Sleep-Related Cardiac Risk

Chapter 117 Sleep-Related Cardiac Risk




Abstract


The brain, in subserving its need for periodic re-excitation during rapid eye movement (REM) sleep and dreaming, imposes significant demands on the heart by inducing bursts of sympathetic nerve activity, which reaches levels higher than during wakefulness. In patients with cardiac disease, such neural activity may compromise coronary artery blood flow, as metabolic demand outstrips supply, and may trigger sympathetically mediated life-threatening arrhythmias in response to functional myocardial ischemia. An additional challenge is presented by non-REM sleep, when hypotension may lead to malperfusion of the heart and brain as a result of a lowered blood pressure gradient through stenosed vessels. Impairment of ventilation by sleep-related breathing disorders, including obstructive sleep apnea and central sleep apnea, which afflict millions of Americans, can generate reductions in arterial oxygen saturation and other pathophysiologic sequelae. Obstructive sleep apnea has been strongly implicated, when severe, in the etiology of hypertension, myocardial ischemia, arrhythmias, myocardial infarction, heart failure, and sudden death in individuals with coexisting ischemic heart disease. Similarly, central sleep apnea has been associated with a variety of atrial and ventricular arrhythmias. Atrial fibrillation may be triggered by autonomic or respiratory disturbances during sleep in certain patient populations. Medications that cross the blood–brain barrier may alter sleep structure and provoke nightmares with severe cardiac autonomic discharge.

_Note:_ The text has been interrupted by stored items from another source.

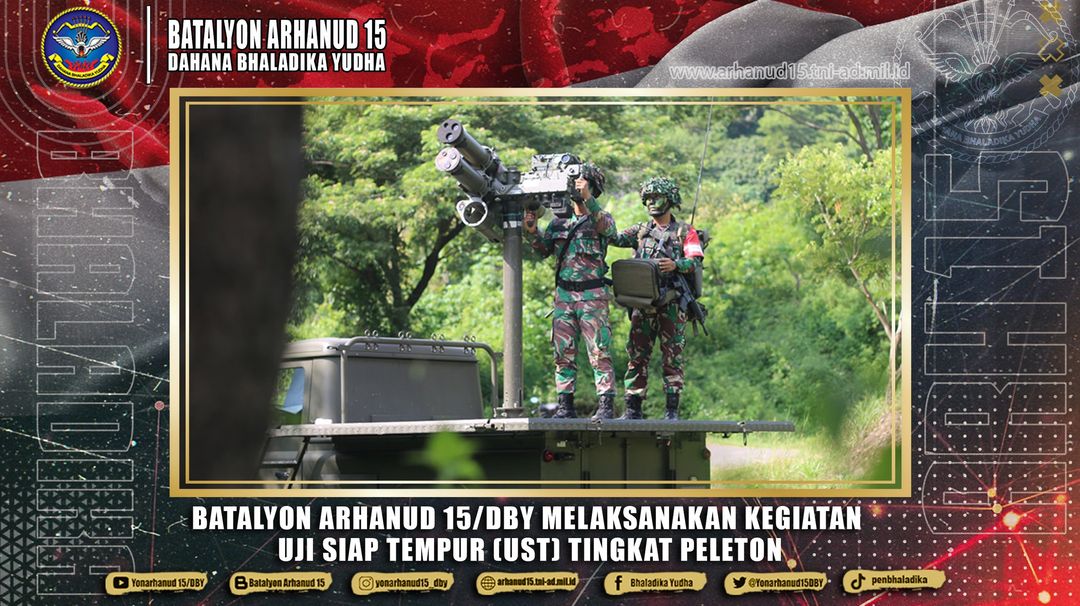 Semarang. Bertempat di Medan Latihan Drill Teknis dan Taktis Kodam IV/Diponegoro Meteseh Semarang, Yonarhanud 15/DBY melaksanakan Uji Siap Tempur (UST) tingkat Peleton yang dilaksanakan pada tanggal 2 sd. 4 April 2024. Kamis (4/4/2024) Latihan yang melibatkan 3 Baterai yaitu Baterai Astra, Baterai Bajra dan Baterai Catra dengan mengerahkan Meriam 57 MM S60 T/AKT dan Rudal Starstreak MMS dan LML, serta alat perlengkapan tempur lainnya. Selain melatih keterampilan pasukan, kegiatan tersebut juga bertujuan menguji kesiapan tempur satuan setingkat Peleton dalam melaksanakan operasi. Penyelenggaraan UST (Uji Siap Tempur) tingkat peleton Yonarhanud 15/DBY…
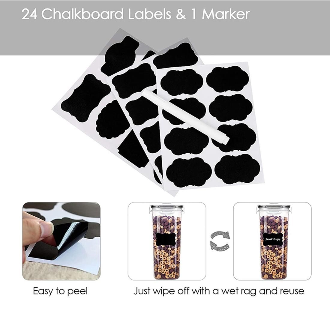 Come With Convenient Labels----Except 4 food storage containers, you will also receive 24 pieces labels, which will help you never confuse flour with powdered sugar or baking powder with baking soda. They are reusable, you can switch contents whenever you need. Just wipe clean with a damp cloth to change what you have written, peel and Re-stick.
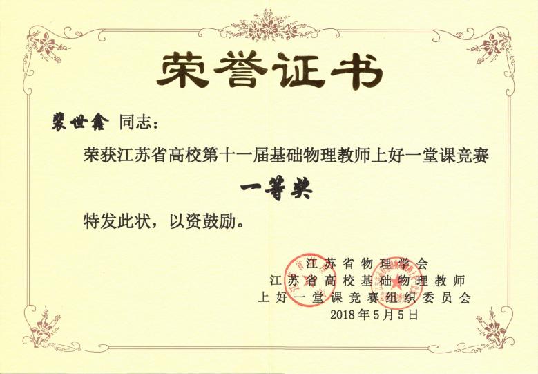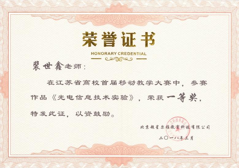 党员教师郑改革获江苏省第二届青年光学科技奖,江苏省教育科学研究成果三等奖;党员教师裴世鑫获评教学突出贡献奖,受邀参与教学督导组工作,先后在江苏省微课教学竞赛、江苏省微课程教学竞赛、江苏省基础物理讲课竞赛和江苏省移动教学大赛中获得一等奖,多次获得南京信息工程大学教学成果奖。
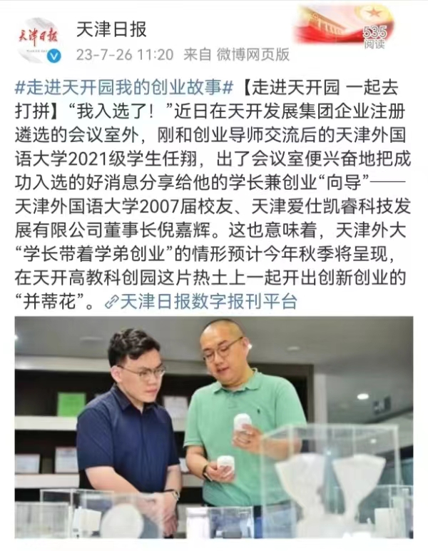 “我入选了!”近日在天开发展集团企业注册遴选的会议室外,刚和创业导师交流后的乐玩在线(中国)唯一官方网站2021级学生任翔,出了会议室便兴奋地把成功入选的好消息分享给他的学长兼创业“向导”──乐玩在线(中国)唯一官方网站2007届校友、天津爱仕凯睿科技发展有限公司董事长倪嘉辉。这也意味着,天津外大“学长带着学弟创业”的情形预计今年秋季将呈现,在天开高教科创园这片热土上一起开出创新创业的“并蒂花”。 “申请入驻天开园吧,那里可以为创新创业提供更大的平台和空间,咱们一起打拼!”任翔告诉记者,正是倪嘉辉的这句鼓励,使他鼓起勇气向天开园提交了入驻申请。“有了学长兼校友企业家的指点,我的创业梦得以生根发芽。”任翔说,他俩相识于乐玩在线(中国)唯一官方网站里的一次访谈,当时作为天开园首批入驻企业家之一,倪嘉辉给了任翔许多创业的建议。也正由此,任翔决定将其所创的津宛堂中医药信息科技有限公司注册在天开园。“我生于名医张仲景的故乡南阳,从小便在耳濡目染中接受中医药的熏陶。学校为我们聘请创业指导教师、提供机会结识创业成功的学长,指导我在天开园这样的舞台上施展拳脚。”任翔说。倪嘉辉则表示,共同创业的师兄弟之间可以互帮互助,学校可以给予大家科研和人

In healthy individuals, sleep is usually salutary and restorative. Ironically, during sleep in patients with respiratory or heart disease, the brain can precipitate breathing disorders, myocardial ischemia, arrhythmias, and even death. Our observation that 20% of myocardial infarctions (MIs) and 15% of sudden deaths occur during the period from midnight to 6:00 AM projects to an estimated 300,000 nocturnal MIs and 48,750 nocturnal sudden deaths annually in the U.S. population.1 The latter figure is equivalent to 87% of the number of U.S. fatalities due to automobile accidents and is more than 2.5 times the number of U.S. deaths resulting from human immunodeficiency virus infection. Thus, sleep is not a fully protected state. Furthermore, the nonuniform distribution of deaths and MIs during the night is consonant with provocation by pathophysiologic triggers. The two main factors implicated in nocturnal cardiac events are sleep state–dependent surges in autonomic activity2 and depression of respiratory control mechanisms,3 which affect a vulnerable cardiac substrate. Precise characterization of their interaction in precipitating nocturnal cardiac events is, however, incomplete. Although sudden death during sleep can be presumed to be painless, in many cases it is premature because it occurs in infants and adolescents and in adults with ischemic heart disease, for whom the median age is 59 years. Populations at risk for nocturnal cardiorespiratory events include several large patient groups (Table 117-1). For example, atrial fibrillation is common in sleep apnea.1a1f


Table 117-1 Patient Groups at Potentially Increased Risk for Nocturnal Cardiac Events




































INDICATION (U.S. PATIENTS/YR) POSSIBLE MECHANISM
Angina, myocardial infarction (MI), arrhythmias, ischemia, or cardiac arrest at night; 20% of myocardial infarctions (~300,000 cases/yr) and 15% of sudden deaths (~48,750 cases/yr) occur between midnight and 6:00 AM. The nocturnal pattern suggests a sleep state–dependent autonomic trigger or respiratory distress.
Unstable angina, Prinzmetal angina Nondemand ischemia and angina peak between midnight and 6:00 AM
Acute MI (1.5 million) Disturbances in sleep, respiration, and autonomic balance may be factors in nocturnal arrhythmogenesis. Nocturnal onset of MI is more frequent in older and sicker patients and carries a higher risk of congestive heart failure.
Heart failure (5.3 million) Sleep-related breathing disorders are pronounced in the setting of heart failure and may contribute to its progression and to mortality risk.
Spousal or family report of highly irregular breathing, excessive snoring, or apnea in patients with coronary disease (5 to 10 million patients with apnea). Patients with hypertension or atrial or ventricular arrhythmias should be screened for the presence of sleep apnea.
Long QT syndrome The profound cycle-length changes associated with sleep may trigger pause-dependent torsades de pointes in these patients.
Near-miss or siblings of victims of sudden infant death syndrome (SIDS) SIDS commonly occurs during sleep with characteristic cardiorespiratory symptoms.
Brugada syndrome in Western populations; Asians with warning signs of sudden unexplained nocturnal death syndrome (SUNDS) SUNDS is a sleep-related phenomenon in which night terrors may play a role. It is genetically related to the Brugada syndrome.
Atrial fibrillation (2.5 million) Twenty-nine percent of episodes occur between midnight and 6:00 AM. Respiratory and autonomic mechanisms are suspected.
Patients on cardiac medications (13.5 million patients with cardiovascular disease)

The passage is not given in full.